# Difficult Numerical Reasoning Questions

The GMAT Quantitative section excels at creating problems that frustrate folks who try to get through math by memorizing formulas.   It excels at creating out-of-the-box problems that really demand folks use logic and number sense to dissect the problem.   Here are four out-of-the-box Data Sufficiency problems to consider.

1) Peter went to the store to buy paint.  Small cans cost \$30 and larger cans cost \$80.  How many small cans of paint did he buy?

Statement #1: Peter spent \$220 on paint.

Statement #2: Peter bought four cans of paint in total.

2) In a card game named Allemande, each of four players has a hand of 8 cards from a standard deck of 52.   Through a series of discards, players try to maximize the point value of their final hand.  Suits are irrelevant.   Cards Ace through 10 have a point value of the number of their card: for example, the five of any suit would be worth 5 points.   Face cards (Jack, Queen, and King) are worth 20 points each.   Does Charles have the highest value final hand?

Statement #1: Charles’ hand is worth 117 points.

Statement #2: No other player besides Charles has more than four face cards in his hand.

3) Each of three students is given fifteen tokens to spend at a fair with various tents to visit.   Some tents cost 3 tokens to enter, and some, 4 tokens.   How many tents did Amelia visit?

Statement #1: Amelia bought one token from another classmate, and spent all the tokens in her possession.

Statement #2: Not all of the tents Amelia visited were the same token-price.

4) A group of five friends have \$87 dollars between them.   Each one only has bills, that is, whole dollar amounts, no coins.   Dolores has \$29: does she have the most money of the five of them?

Statement #1: Three of the friends are tied for the median value, and one has two dollars less.

Statement #2: Two of the friends, Andie and Betty, have \$30 between them, and each has more than \$5 herself.

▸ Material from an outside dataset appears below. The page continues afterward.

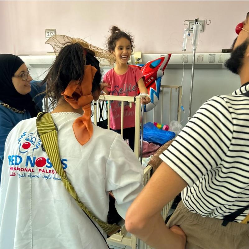 ومؤسسة الأنوف الحمراء فلسطين هي مؤسسة فرعية تابعة للأنوف الحمراء الدولية المتواجدة في فيينا-النمسا، وهي المقر الرئيسي لأكبر مجموعة أطباء مهرجين في العالم، تعمل الأنوف الحمراء فلسطين على نشر الفكاهة والضحك بين من هم بأمس الحاجة للفرح من خلال التهريج الطبي،  وعلى مدار الـ 14 عام الماضية، أحدثت الأنوف الحمراء فلسطين فرقاً بالنسبة للمرضى والعائلات والطاقم الطبي في العديد من المرافق الصحية والرعاية في فلسطين، حيث تعمل الأنوف الحمراء فلسطين على تمكين الجماهير المهمشة مثل الأطفال في المستشفيات، والأشخاص في مراكز دور رعاية المسنين، والمرضى في مراكز إعادة التأهيل، والشباب ذوي الإعاقات العقلية والإعاقات المختلفة، والفئات المهمشة الأخرى.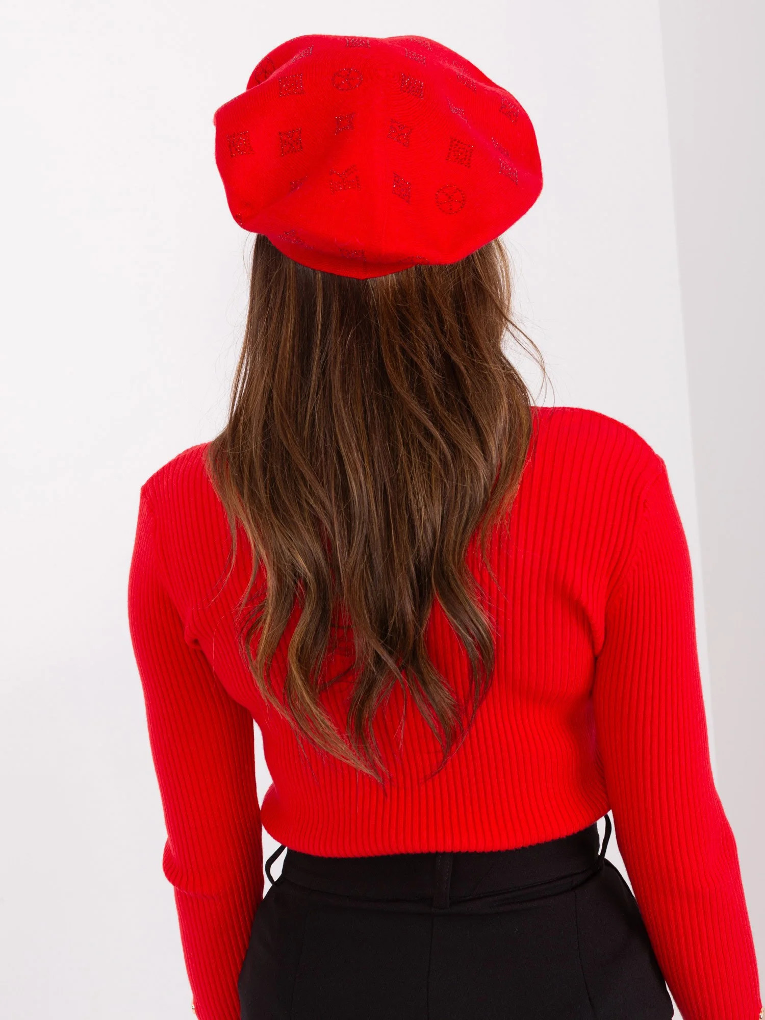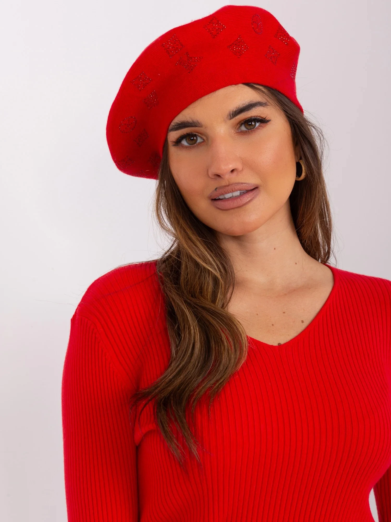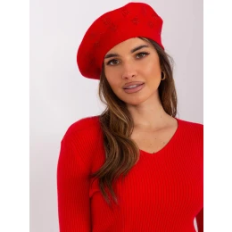 Červený dámský baret s aplikací .

Solutions will come at the end of the article.

## Success with GMAT Math

Getting an elite score on the GMAT Quantitative section is not easy.  It involves mathematical thinking, that is, thinking about math the way a mathematician would.  It does not involve blind memorization, although it involves remembering formulas and rules by understanding the logic behind them.   It involves an agile and diverse approach to problem solving that includes estimation, backsolving, and out-of-the-box thinking.   Math is all about the details, so a successful mathematical mindset involves paying attention to all the details that other neglect, such as the logic of grouping symbols.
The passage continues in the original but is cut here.